- _TO DO_:
Copy the records below exactly, starting at the line that contains "2.进入到设置界面之后,我们" and ending at the line that contains "Effect of quinidine"; leave out any pictures.

- _RECORDS SHOWN_:
──────
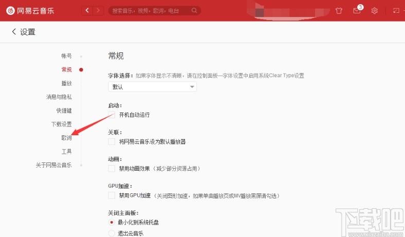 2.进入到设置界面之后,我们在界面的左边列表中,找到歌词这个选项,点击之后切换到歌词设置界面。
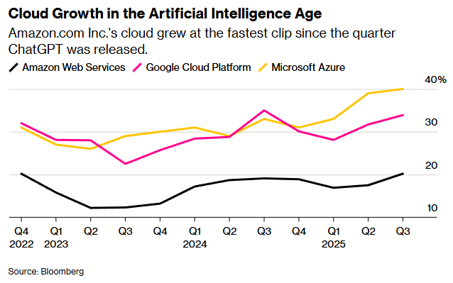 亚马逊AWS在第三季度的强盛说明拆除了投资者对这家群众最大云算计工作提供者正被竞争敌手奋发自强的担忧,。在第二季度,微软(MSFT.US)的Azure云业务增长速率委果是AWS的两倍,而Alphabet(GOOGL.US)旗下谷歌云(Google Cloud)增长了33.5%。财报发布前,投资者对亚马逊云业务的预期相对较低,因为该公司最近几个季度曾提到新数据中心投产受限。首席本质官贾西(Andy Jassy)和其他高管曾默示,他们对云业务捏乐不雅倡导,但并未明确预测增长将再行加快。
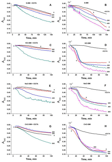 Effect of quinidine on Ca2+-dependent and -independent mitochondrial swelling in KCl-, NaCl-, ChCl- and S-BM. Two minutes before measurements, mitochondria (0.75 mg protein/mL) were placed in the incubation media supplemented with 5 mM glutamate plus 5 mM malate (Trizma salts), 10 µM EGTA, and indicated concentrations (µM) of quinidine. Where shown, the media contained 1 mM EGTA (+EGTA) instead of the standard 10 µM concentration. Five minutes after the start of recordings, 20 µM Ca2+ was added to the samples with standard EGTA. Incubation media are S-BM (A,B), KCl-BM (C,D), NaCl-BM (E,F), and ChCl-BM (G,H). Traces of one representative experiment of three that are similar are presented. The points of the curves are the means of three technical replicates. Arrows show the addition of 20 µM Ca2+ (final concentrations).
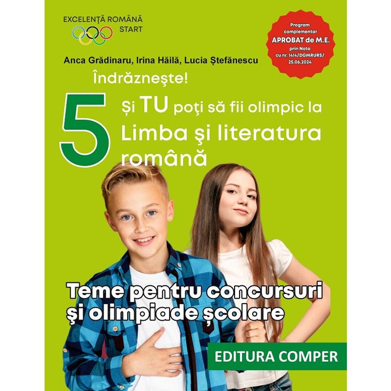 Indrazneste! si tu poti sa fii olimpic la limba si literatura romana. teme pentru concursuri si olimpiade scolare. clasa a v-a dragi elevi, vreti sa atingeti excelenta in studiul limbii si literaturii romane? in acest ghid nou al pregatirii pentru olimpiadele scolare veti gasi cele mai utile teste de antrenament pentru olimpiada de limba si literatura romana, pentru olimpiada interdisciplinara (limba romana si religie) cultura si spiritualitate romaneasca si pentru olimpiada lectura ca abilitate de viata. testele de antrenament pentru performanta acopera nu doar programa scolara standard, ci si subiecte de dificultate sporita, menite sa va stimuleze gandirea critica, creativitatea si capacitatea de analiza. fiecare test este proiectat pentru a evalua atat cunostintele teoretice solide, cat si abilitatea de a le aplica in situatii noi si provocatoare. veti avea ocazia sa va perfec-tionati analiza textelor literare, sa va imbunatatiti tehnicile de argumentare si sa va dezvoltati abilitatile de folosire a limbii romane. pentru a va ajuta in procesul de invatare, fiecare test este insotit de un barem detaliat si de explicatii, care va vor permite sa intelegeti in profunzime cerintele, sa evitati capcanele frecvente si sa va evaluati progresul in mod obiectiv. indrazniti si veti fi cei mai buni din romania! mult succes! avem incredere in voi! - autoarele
──────
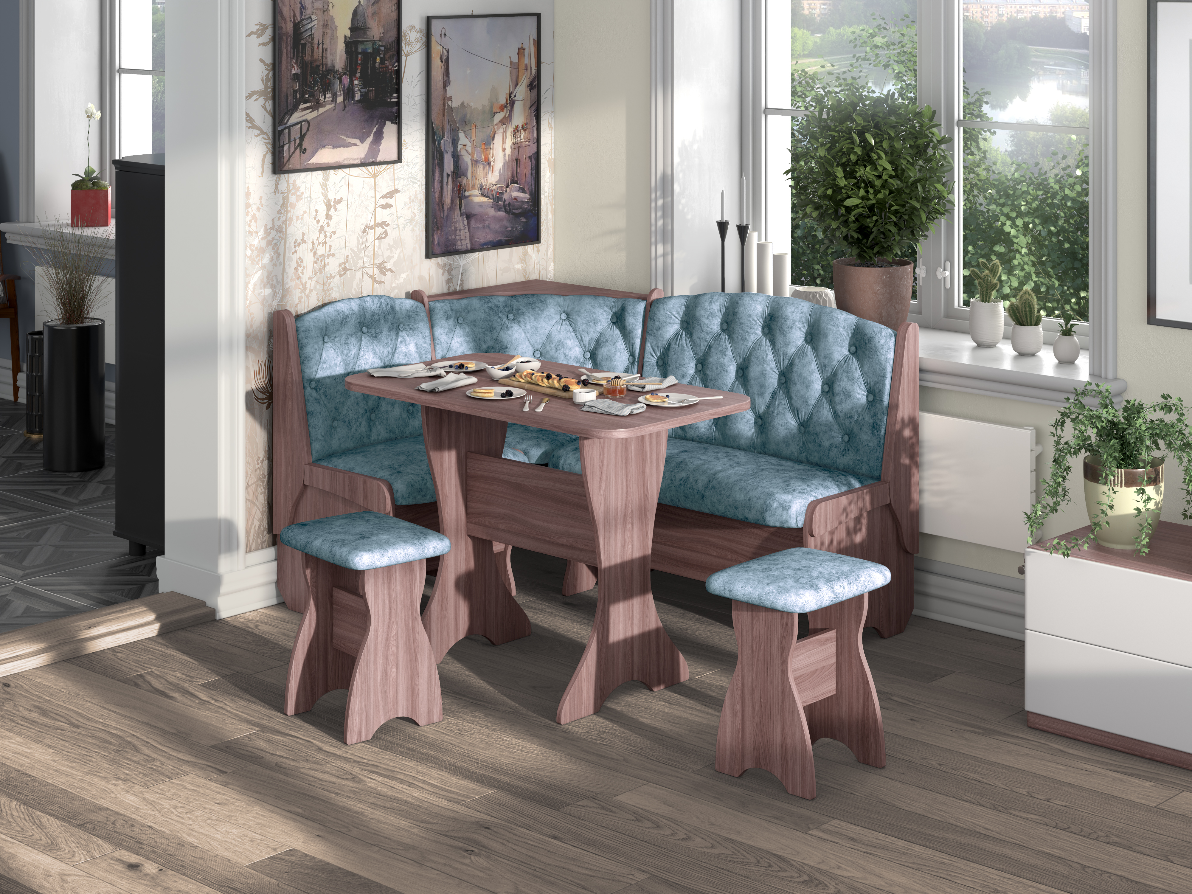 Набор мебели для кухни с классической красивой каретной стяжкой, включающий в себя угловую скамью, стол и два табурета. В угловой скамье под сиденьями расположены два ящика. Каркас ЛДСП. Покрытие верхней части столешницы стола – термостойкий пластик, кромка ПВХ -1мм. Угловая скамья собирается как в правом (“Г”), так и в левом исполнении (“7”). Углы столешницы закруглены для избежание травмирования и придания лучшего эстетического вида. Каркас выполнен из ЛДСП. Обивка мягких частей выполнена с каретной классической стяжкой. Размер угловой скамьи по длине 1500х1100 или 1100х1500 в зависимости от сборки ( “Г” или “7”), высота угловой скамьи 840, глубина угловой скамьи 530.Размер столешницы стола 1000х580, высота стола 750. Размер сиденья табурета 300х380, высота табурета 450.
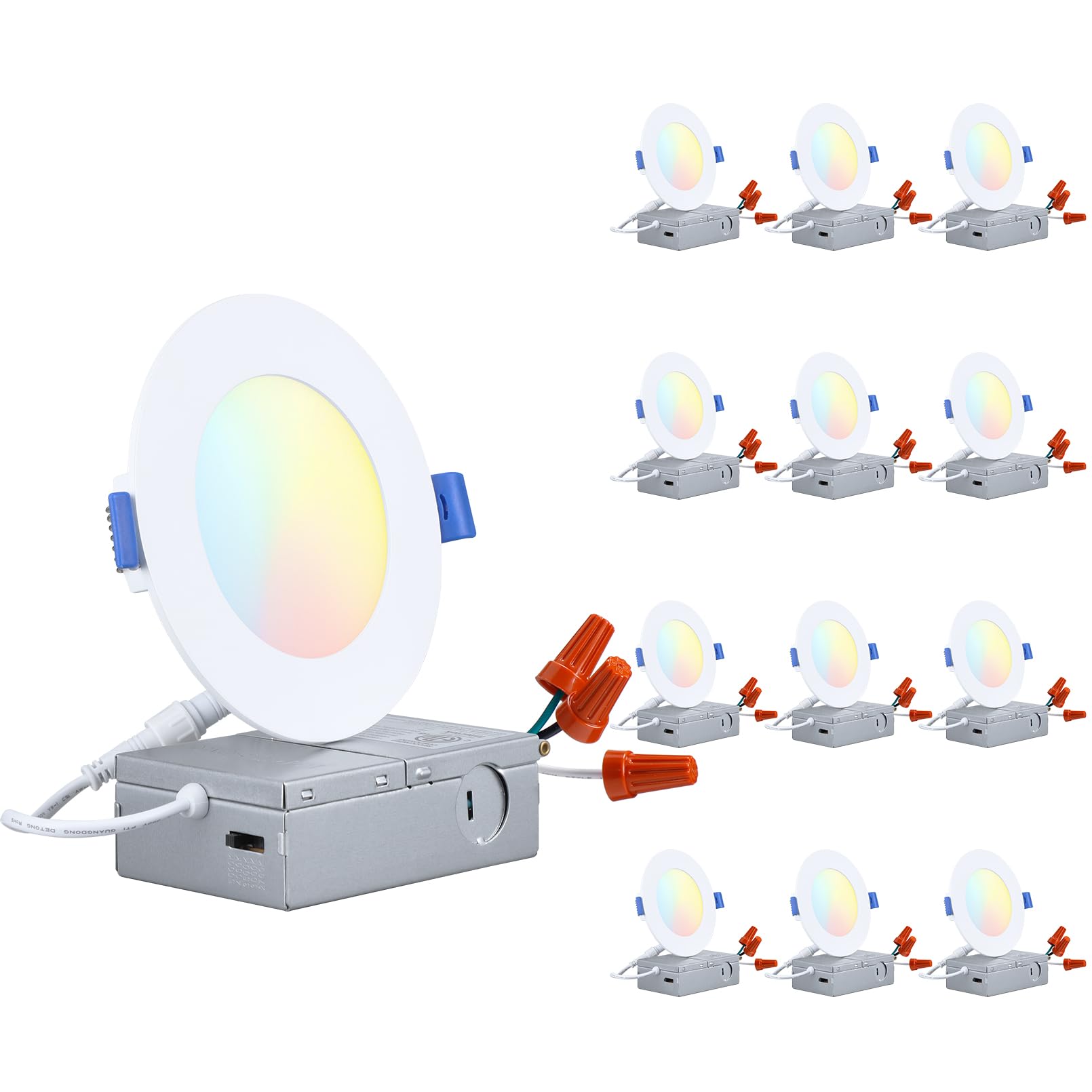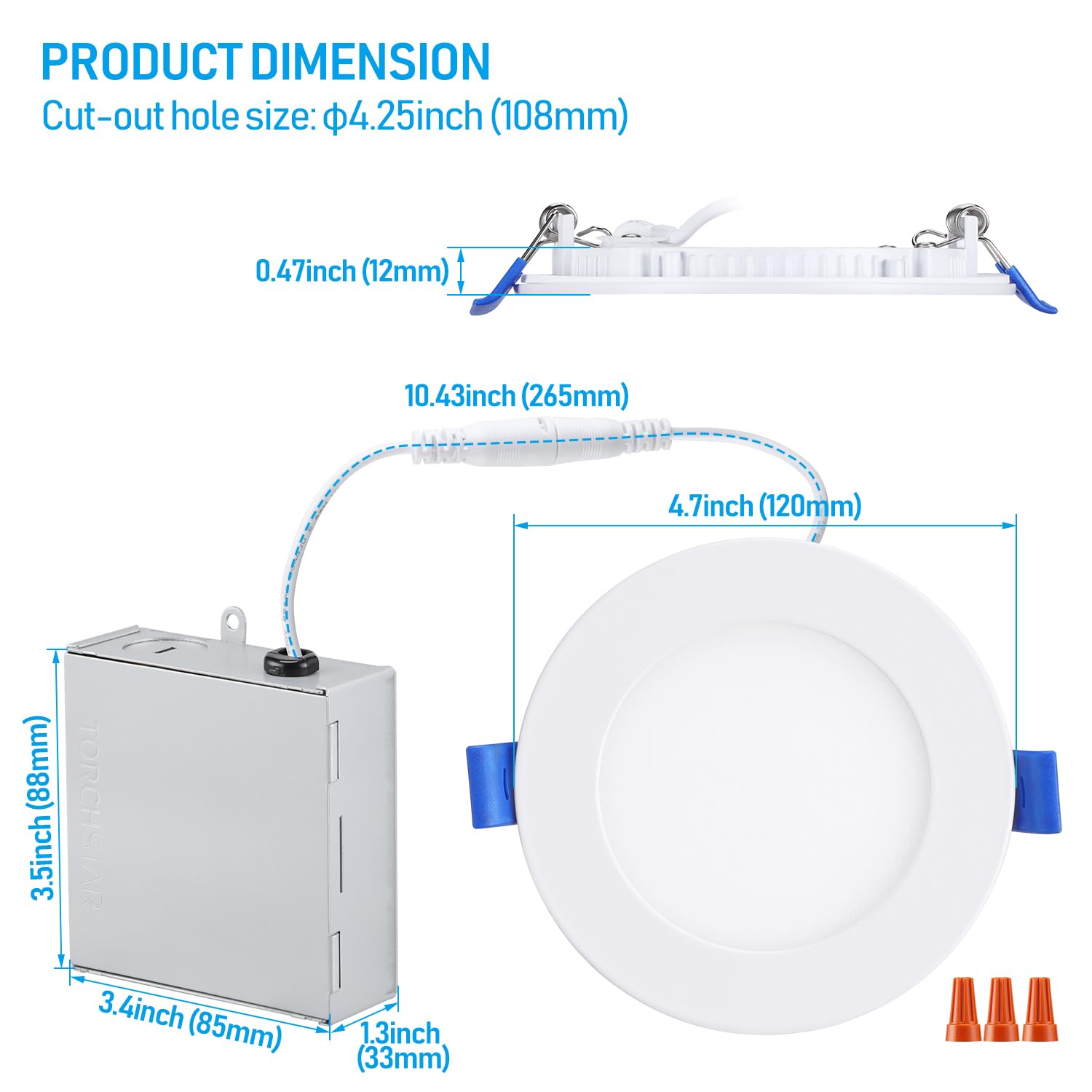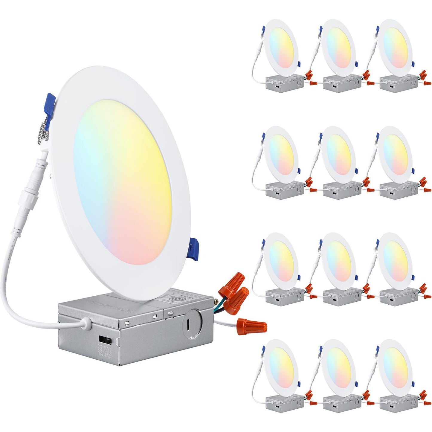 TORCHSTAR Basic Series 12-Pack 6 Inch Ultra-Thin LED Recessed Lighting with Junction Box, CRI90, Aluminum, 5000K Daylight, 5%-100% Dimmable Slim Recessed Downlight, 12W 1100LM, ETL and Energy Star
──────
- _RESPONSE_:
 2.进入到设置界面之后,我们在界面的左边列表中,找到歌词这个选项,点击之后切换到歌词设置界面。
 亚马逊AWS在第三季度的强盛说明拆除了投资者对这家群众最大云算计工作提供者正被竞争敌手奋发自强的担忧,。在第二季度,微软(MSFT.US)的Azure云业务增长速率委果是AWS的两倍,而Alphabet(GOOGL.US)旗下谷歌云(Google Cloud)增长了33.5%。财报发布前,投资者对亚马逊云业务的预期相对较低,因为该公司最近几个季度曾提到新数据中心投产受限。首席本质官贾西(Andy Jassy)和其他高管曾默示,他们对云业务捏乐不雅倡导,但并未明确预测增长将再行加快。
 Effect of quinidine on Ca2+-dependent and -independent mitochondrial swelling in KCl-, NaCl-, ChCl- and S-BM. Two minutes before measurements, mitochondria (0.75 mg protein/mL) were placed in the incubation media supplemented with 5 mM glutamate plus 5 mM malate (Trizma salts), 10 µM EGTA, and indicated concentrations (µM) of quinidine. Where shown, the media contained 1 mM EGTA (+EGTA) instead of the standard 10 µM concentration. Five minutes after the start of recordings, 20 µM Ca2+ was added to the samples with standard EGTA. Incubation media are S-BM (A,B), KCl-BM (C,D), NaCl-BM (E,F), and ChCl-BM (G,H). Traces of one representative experiment of three that are similar are presented. The points of the curves are the means of three technical replicates. Arrows show the addition of 20 µM Ca2+ (final concentrations).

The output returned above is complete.